Tag Archives: Twitter

Why I Don’t Want To Follow Some Twitter Folks

My goodness, another Twitter post!

Yes, another Twitter post, but at least each time I write about it, I’m writing something different. In this case, I want to talk about some of the more irritating things I see on Twitter. Overall Twitter is an interesting diversion, and it’s proven to be a news breaker. For instance, Twitter users spread the news about the Hudson River plane landing at least 15 minutes before the news organizations got the story. Twitter has allowed me to talk to people, albeit in short bursts, like Guy Kawasaki and Keith Ferrazzi.

But there are some habits from people that I don’t really like. I remember having a conversation with someone one night, though I can’t remember who, on the subject of some of these bad habits. Frankly, I chalked some of it up to ignorance; ignorance of proper decorum, ignorance of what irritates people, and ignorance of new technologies and how to really use them. However, we have a mixture of things to talk about, so let’s get started.

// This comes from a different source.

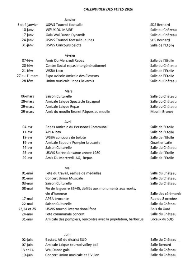 CALENDRIER DES FÊTES 2026 :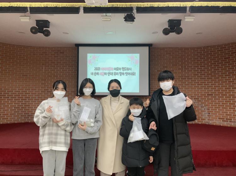 계속되는 코로나로 한동안 진행하지 못했던 저소득 아동·청소년 목욕지원사업 ‘아이깨끗해’를 12월 15일(수), 목욕탕 방문 대신 아로마 핸드워시 제작 프로그램으로 대체하여 진행하였습니다. 오랜만에 참여자들이 모여 서로 밝게 웃으면서 건강과 청결을 기원하는 마음을 담아 향기 좋은 핸드워시를 완성할 수 있었습니다. 아동·청소년들이 앞으로도 건강을 유지할 수 있도록 다양한 사업을 진행하는 복지관이 되겠습니다.^^

First, there’s this new trend of people who are creating new Twitter accounts for the purpose of selling something. I’m sure that’s nothing new, but in this case what they do is create the account, then try to start following as many people as they can. They usually pop a picture of a pretty young woman in there, and I wouldn’t doubt that most of the people they’re following are men. Sometimes the names make sense, sometimes they don’t. What I do is see the email come through telling me someone new is following me on Twitter, click on the link so I can take a look, and most of the time, now that I’ve seen it so often, I know it’s a fake account and won’t follow. Usually you see something like them following 1,600 people and maybe 30 people following them.

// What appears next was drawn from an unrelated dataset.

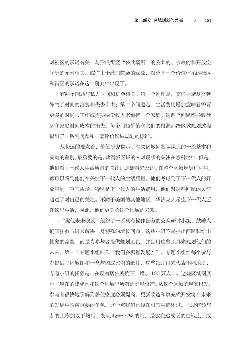 第三部分“區(qū)域規(guī)劃的興起”,記述了整個美國究竟有多少大都市正在通過形體設(shè)計、社會和經(jīng)濟政策向區(qū)域城市轉(zhuǎn)變。我們集中研究了三個走在最前列的區(qū)域城市:波特蘭、西雅圖和鹽湖城。我們也考慮到了在特大都市區(qū)域執(zhí)行區(qū)域尺度上的政策的困難,特別注意到美國州政府所扮演的潛在的角色,如佛羅里達、馬里蘭和明尼蘇達。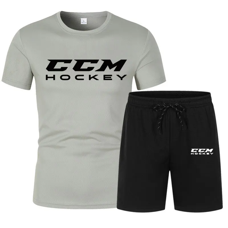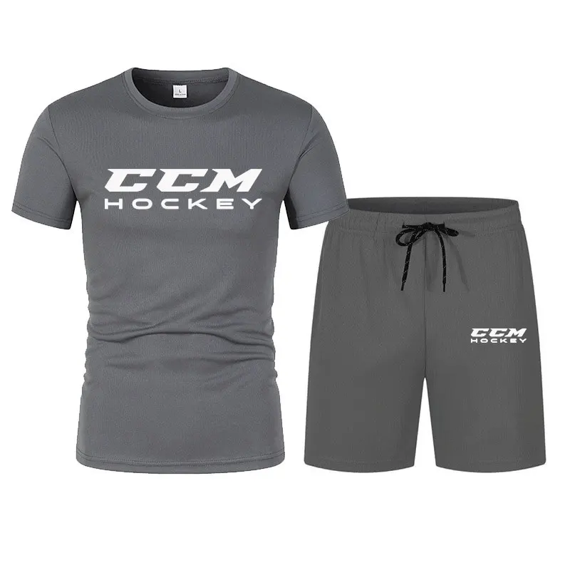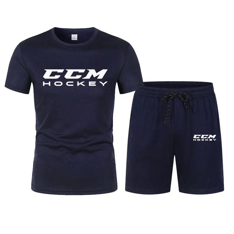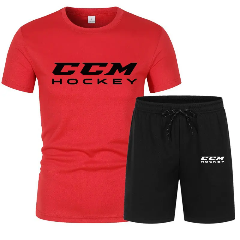 New Summer Tracksuit Men CCM HOCKEY Short Sleeve T-Shirt +Shorts Set Sportswear Men’s Casual Fitness Sports quick-drying Sets

At the same time, there are some people who legitimately do the same thing. I have no idea how they find me or anyone else, but they do, and they just start following tons of people. I also won’t add most of those folks, but if they have a link to a blog or website I’ll at least check it out first to see what I think about it all. Sometimes the person does look pretty interesting, and I’ll follow; most of the time, though, I want to wait to see if that person draws interest.

Sometimes I take a look at how often someone is updating their own Twitter messages. If they’re not doing any talking, just following lots of people, I won’t follow them; I mean, that’s a waste of time. Obviously they don’t care to share, so I leave them alone. The people who bother me the most that do something like this, though, are the people who follow you, then when you check them out you see that they have their updates protected. Sure, you could ask them if you can follow them, but didn’t I get married so I wouldn’t have to deal with having to ask women I didn’t know if they’d like to go on a date with me? Unless it’s business, I don’t give people a chance to possibly reject me, so I don’t ask, and therefore I’m not following them.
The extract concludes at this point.